Leaving out every picture, copy the lines of the data exactly, from the first through the line containing "Половина апельсина на".

Data below
◆ ◆ ◆
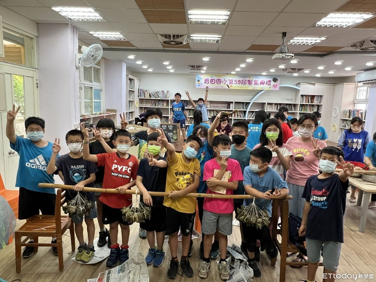 教育部指出,早在端午節前,香田國小這群小朋友,就開始跟著家長、老師與志工忙進忙出,親手刷洗粽葉、洗竹竿並布置場地等,等待一切就緒,就是學習如何將粽葉摺出漂亮的形狀、填料,並綁出一顆又一顆結實飽滿的粽子。
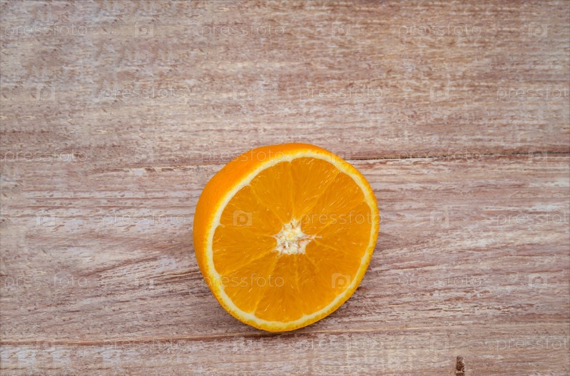 Половина апельсина на деревянном столе. Баннер с оранжевым. Апельсин на деревянном фоне
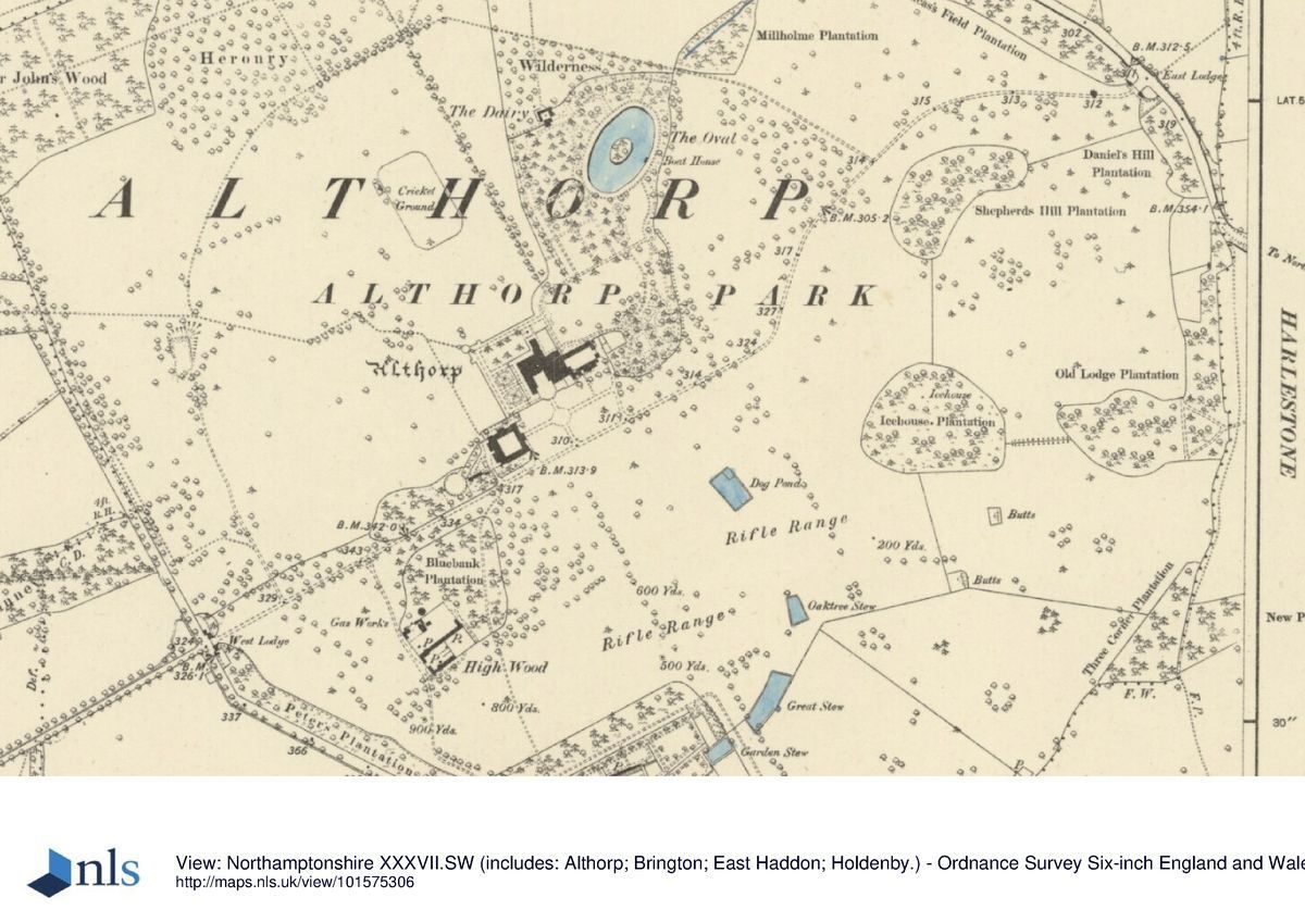 Althorp is a 19th-century landscape park with traces of an earlier formal layout and 20th-century gardens. The park covers about 225 hectares within a 5600-hectare agricultural estate. Gardens and landscape park with buildings and features of the C16 through to the late C20 associated with a country house.
◆ ◆ ◆
Expected output
 教育部指出,早在端午節前,香田國小這群小朋友,就開始跟著家長、老師與志工忙進忙出,親手刷洗粽葉、洗竹竿並布置場地等,等待一切就緒,就是學習如何將粽葉摺出漂亮的形狀、填料,並綁出一顆又一顆結實飽滿的粽子。
 Половина апельсина на деревянном столе. Баннер с оранжевым. Апельсин на деревянном фоне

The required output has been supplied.